◆ **RAW DATA**
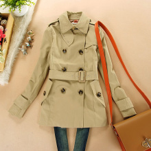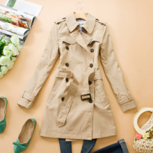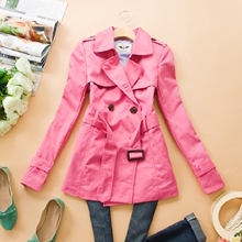 2017春秋经典双排扣修身韩版小熊维尼学院中长款风衣女式风衣
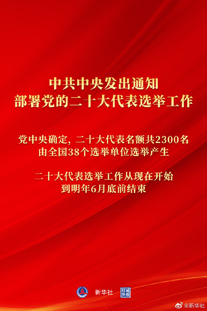 黨中央確定,二十大代表名額共2300名,由全國38個選舉單位選舉產(chǎn)生。做好二十大代表選舉工作,要堅持以習(xí)近平新時代中國特色社會主義思想為指導(dǎo),堅持以黨章為根本遵循,堅持黨的性質(zhì)宗旨,堅持和加強黨的全面領(lǐng)導(dǎo),充分發(fā)揚黨內(nèi)民主,嚴(yán)格資格條件,嚴(yán)密產(chǎn)生程序,嚴(yán)肅選舉紀(jì)律,確保選出的二十大代表素質(zhì)優(yōu)良、結(jié)構(gòu)合理、分布廣泛、黨員擁護。
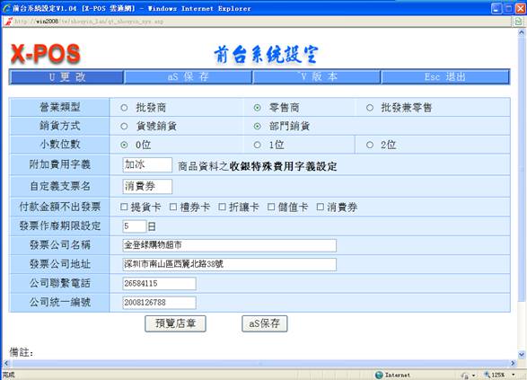 測試目的:完善收銀機前台系統設定功能方便用戶使用X-POS收銀機
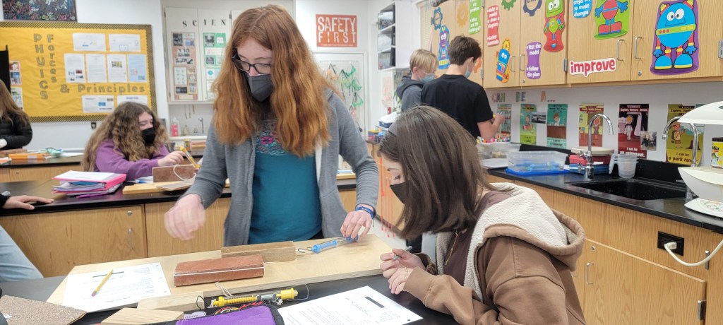 Since February, the 8th graders have been studying physics in science class. They have been learning about the forces of gravity, air resistance, and friction on our planet. The students have also been working on putting Newton’s three Laws of Motion into real life scenarios.
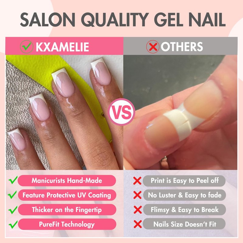 - ❀【Superior Quality & Long-Lasting Hold Press-on】Our stick on nails for women are known for their exceptional quality and durability.Gel x french tip nails set are designed to stay securely attached to the nails,offering a long-lasting hold that minimizes the risk of acrylic nails press on coming off unexpectedly.
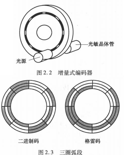 (1)增量式光電編碼器。如圖2.2所示,增量式光 電編碼器由光源、碼盤、光敏晶體管組成,碼盤上有透 光和不透光的弧段,尺寸相同且交替出現(xiàn)。由于所有的 弧段尺寸相同,每段弧所表示的旋轉(zhuǎn)角相同,碼盤上的 弧段越多,精度越高,分辨率就越高。當(dāng)光旋轉(zhuǎn)通過碼 盤上弧段時,輸出連續(xù)的脈沖信號,對這些信號計數(shù),就 能計算出碼盤轉(zhuǎn)過的距離。
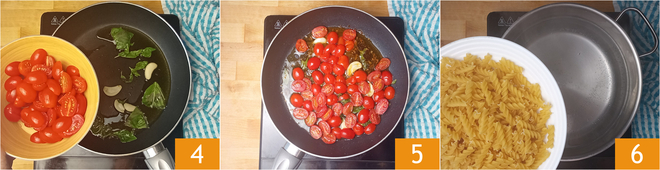 Fügen Sie einen Teil der zerkleinerten Basilikumblätter von Hand hinzu und geben Sie die Kirschtomaten dazu 4, mit einer Prise feinem Salz. Kochen Sie die Kirschtomaten, bis sie weich sind und ihren Saft freigeben, das dauert etwa 10 Minuten 5. Danach können Sie den Knoblauch entfernen. In der Zwischenzeit kochen Sie die Fusilli in reichlich kochendem Salzwasser nach Belieben 6.
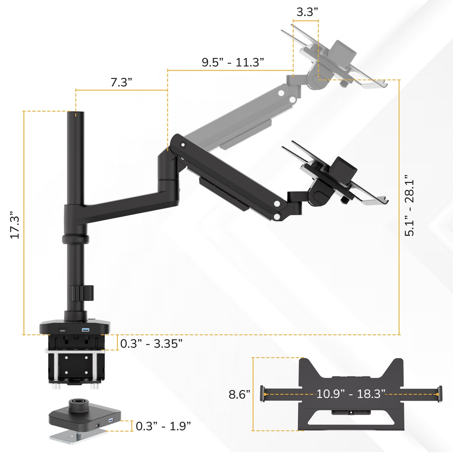 Mount It products are designed for quick and frustration free installation. Laptop Mount with Pole and Gas Spring Arm includes all required hardware, clearly written instructions, and a step by step guide specific to this product. You can also follow this product specific installation video below or on our YouTube channel for a complete walk through of the install process.
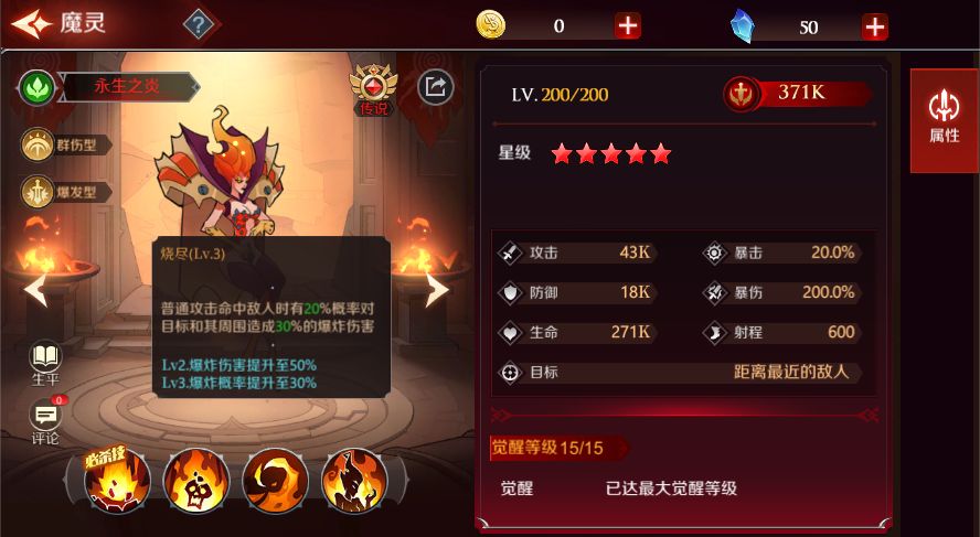 三技能烧尽,相当于将普攻变群攻。用来磨前排血相当不错,看起来概率不高,伤害不高,胜在是普攻触发,积少成多,不可小视。对比无头的直接变群攻可能看起来不如,但要知道这是后排输出,相比无头输出环境好太多了。
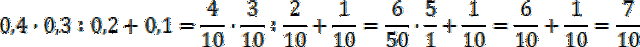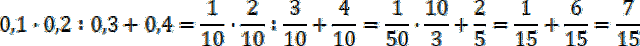 Pamiętaj o kolejności wykonywania działań: najpierw mnożenie i dzielenie, a potem dodawanie i odejmowanie. W przypadku działań o takiej samej ważności wykonuj je od prawej do lewej. Zamień liczby dziesiętne na ułamki zwykłe o mianowniku 10 i skróć je, jeżeli to możliwe. Zamień dzielenie na mnożenie przez odwrotność dzielnika. Przed wykonaniem dodawania sprowadź ułamki do wspólnego mianownika. Wyniki zapisz w najprostszej postaci, czyli wyłącz całości i pozostaw je w nieskracalnej formie.
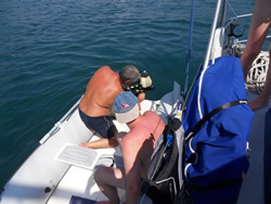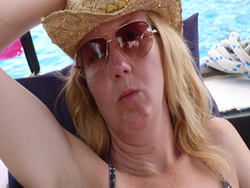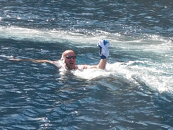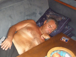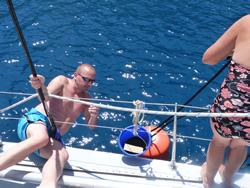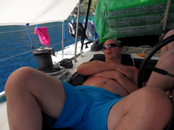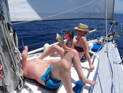 Of coarse, poor Ann is not let out of the galley, as we sit and eat some thing is noticed floating in the water, we all make guesses as to what it actually is? It is finally recognised, it's my hat, blown off the deck by the afternoon winds, Lee retrieves it!
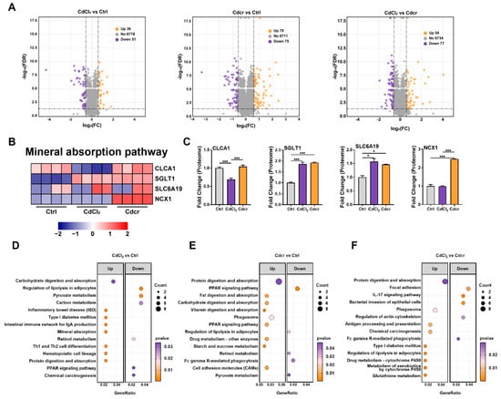 Proteome Profiles after piglets were fed with CdCl2 and Cdcr contained diet. (A) Volcano plots showed DEPs and up- and down-regulation between groups. (B) Heatmap demonstrated DEPs in mineral absorption pathway. (C) DEPs related to Cd transport (n = 4). (D–F) Metabolism-related KEGG pathways enriched by DEPs (top 13). Data were analyzed by unpaired t-test and represented as means ± SD. * p < 0.05 and *** p < 0.001.
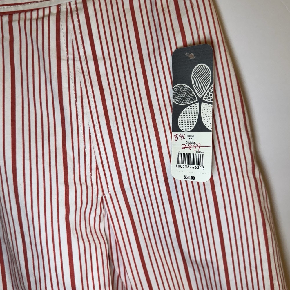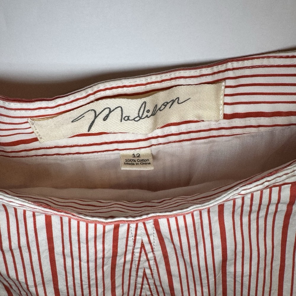 This new woman's size 12 A-line swing flare midi skirt by Madison features a red and white striped pattern, perfect for various occasions like travel, weddings, parties, or everyday wear. Made from cotton material, it has a mid-rise waist with a zip closure for easy wear. The skirt is accented with a zipper and is lined for added comfort and style. The classic, preppy design with a modern twist makes it a versatile piece for the winter, summer, fall, or spring seasons. Perfect for those who appreciate designer, logo, or classic themes in their wardrobe.
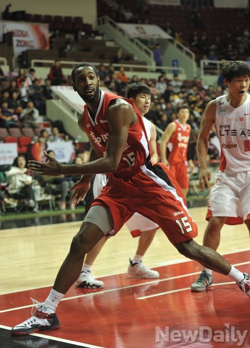 7일 오후 안양시 안양실내체육관에서 열린 2014-2015 KCC 프로농구 안양KGC 와 서울 SK의 경기에서 안양KGC 레슬리 선수가 골밑 돌파 후 파울을 얻어내고 있다.
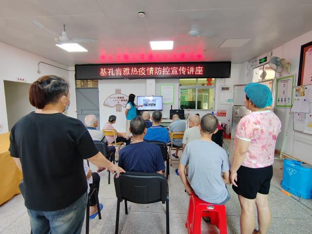 科學(xué)的健康管理對(duì)老年人安享晚年至關(guān)重要。為進(jìn)一步增強(qiáng)轄區(qū)長(zhǎng)者對(duì)基孔肯雅熱等蚊媒傳染病的認(rèn)識(shí)和防范意識(shí),提升防蚊滅蚊自我保護(hù)能力,近日,水口鎮(zhèn)社會(huì)工作服務(wù)站在水口鎮(zhèn)頤養(yǎng)院開(kāi)展基孔肯雅熱疫情防控宣傳講座。講座中,“雙百”社工以通俗易懂的語(yǔ)言和生動(dòng)真實(shí)的案例,詳細(xì)介紹了基孔肯雅熱的基本特征和傳播途徑,耐心指導(dǎo)老人們?nèi)绾吻謇碇苓叿e水和雜物以及做好個(gè)人外出防護(hù)措施。同時(shí),社工們還利用日常下鄉(xiāng)走訪契機(jī),為轄區(qū)內(nèi)老年人測(cè)量血壓,認(rèn)真為老人解讀檢測(cè)結(jié)果,并針對(duì)不同情況給出個(gè)性化健康指導(dǎo)。
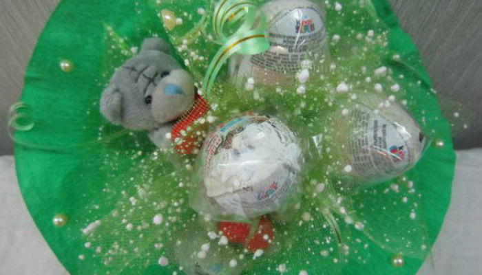По материалам: http://www.ujut-v-dome.ru/buket-iz-kinder-syurprizov-i-myagkix-igrushek/
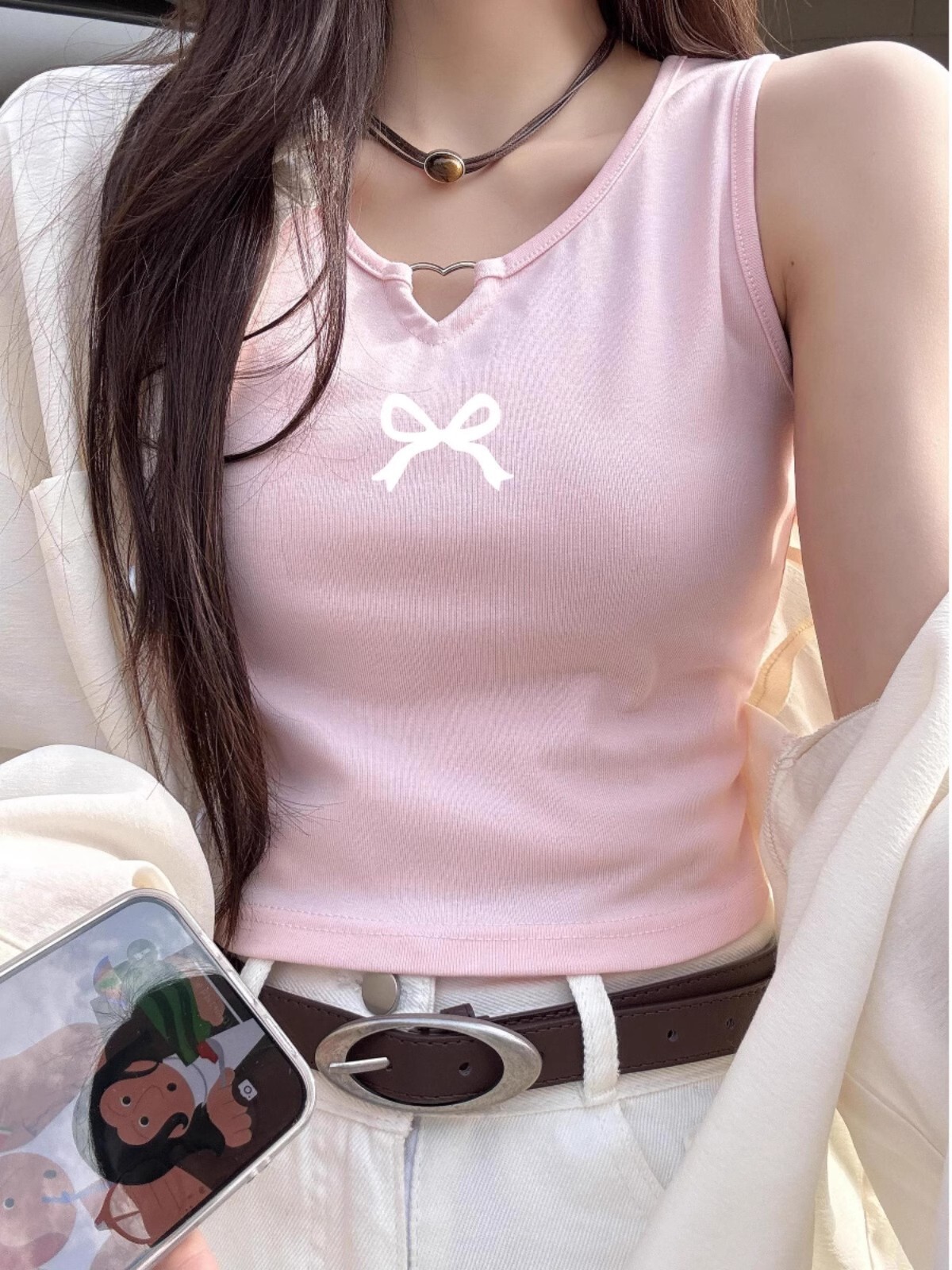![[Shoulder and Collar Cover] Summer Dopamine Outfit: Sleeveless T-shirt, American Style Short Hot Girl Slim Fit Tank Top](images/zmwp6770_04.jpg)

◆ **WORK ITEM**
Your task is to retype the lines running from the one that contains "7일 오후 안양시 안양실내체육관에서" through the end of the records, and nothing else. Pictures are not part of the copy.

◆ **RESULT**
 7일 오후 안양시 안양실내체육관에서 열린 2014-2015 KCC 프로농구 안양KGC 와 서울 SK의 경기에서 안양KGC 레슬리 선수가 골밑 돌파 후 파울을 얻어내고 있다.
 科學(xué)的健康管理對(duì)老年人安享晚年至關(guān)重要。為進(jìn)一步增強(qiáng)轄區(qū)長(zhǎng)者對(duì)基孔肯雅熱等蚊媒傳染病的認(rèn)識(shí)和防范意識(shí),提升防蚊滅蚊自我保護(hù)能力,近日,水口鎮(zhèn)社會(huì)工作服務(wù)站在水口鎮(zhèn)頤養(yǎng)院開(kāi)展基孔肯雅熱疫情防控宣傳講座。講座中,“雙百”社工以通俗易懂的語(yǔ)言和生動(dòng)真實(shí)的案例,詳細(xì)介紹了基孔肯雅熱的基本特征和傳播途徑,耐心指導(dǎo)老人們?nèi)绾吻謇碇苓叿e水和雜物以及做好個(gè)人外出防護(hù)措施。同時(shí),社工們還利用日常下鄉(xiāng)走訪契機(jī),為轄區(qū)內(nèi)老年人測(cè)量血壓,認(rèn)真為老人解讀檢測(cè)結(jié)果,并針對(duì)不同情況給出個(gè)性化健康指導(dǎo)。
По материалам: http://www.ujut-v-dome.ru/buket-iz-kinder-syurprizov-i-myagkix-igrushek/
![[Shoulder and Collar Cover] Summer Dopamine Outfit: Sleeveless T-shirt, American Style Short Hot Girl Slim Fit Tank Top](images/zmwp6770_04.jpg)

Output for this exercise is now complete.